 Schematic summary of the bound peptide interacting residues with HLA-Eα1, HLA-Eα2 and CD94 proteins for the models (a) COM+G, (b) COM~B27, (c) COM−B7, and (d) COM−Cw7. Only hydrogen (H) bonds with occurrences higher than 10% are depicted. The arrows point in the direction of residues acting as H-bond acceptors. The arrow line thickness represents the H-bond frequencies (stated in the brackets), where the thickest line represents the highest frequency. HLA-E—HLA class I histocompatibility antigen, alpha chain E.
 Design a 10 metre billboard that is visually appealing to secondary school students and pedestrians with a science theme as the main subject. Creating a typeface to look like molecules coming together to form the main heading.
================
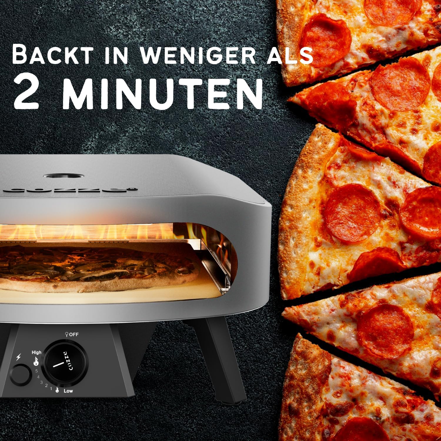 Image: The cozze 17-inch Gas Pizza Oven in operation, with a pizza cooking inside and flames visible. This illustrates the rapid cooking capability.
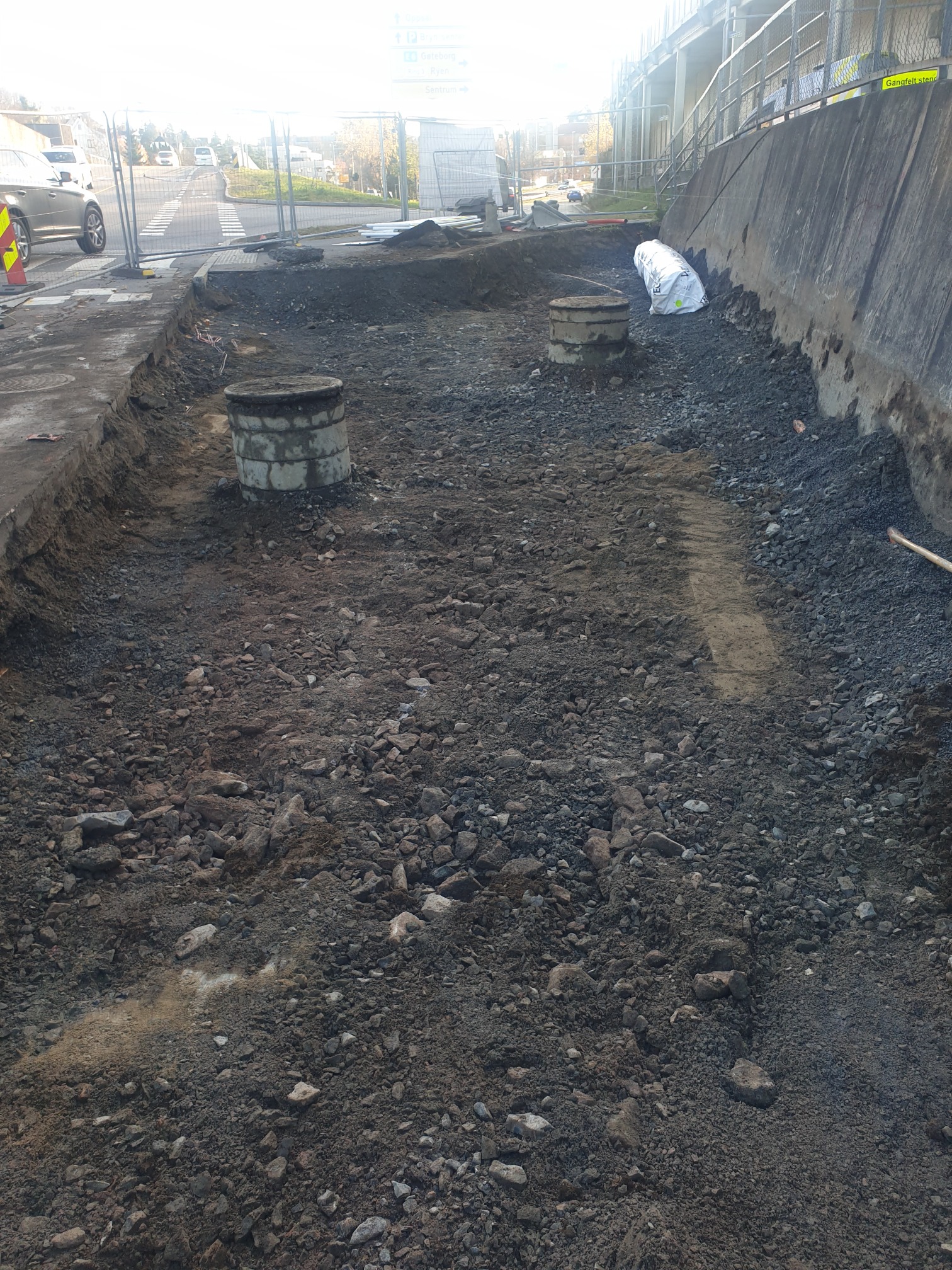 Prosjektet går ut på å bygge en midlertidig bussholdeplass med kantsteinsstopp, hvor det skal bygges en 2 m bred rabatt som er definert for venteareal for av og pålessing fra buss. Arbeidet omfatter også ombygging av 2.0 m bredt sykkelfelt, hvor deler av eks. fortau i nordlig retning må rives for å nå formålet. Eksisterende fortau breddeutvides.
================
▶ [Instructions for the task]:
All that should be written out is the stretch of lines above between the one holding "Schematic summary of" and the one holding "Design a 10", inclusive, exactly as given.

▶ [Expected answer]:
 Schematic summary of the bound peptide interacting residues with HLA-Eα1, HLA-Eα2 and CD94 proteins for the models (a) COM+G, (b) COM~B27, (c) COM−B7, and (d) COM−Cw7. Only hydrogen (H) bonds with occurrences higher than 10% are depicted. The arrows point in the direction of residues acting as H-bond acceptors. The arrow line thickness represents the H-bond frequencies (stated in the brackets), where the thickest line represents the highest frequency. HLA-E—HLA class I histocompatibility antigen, alpha chain E.
 Design a 10 metre billboard that is visually appealing to secondary school students and pedestrians with a science theme as the main subject. Creating a typeface to look like molecules coming together to form the main heading.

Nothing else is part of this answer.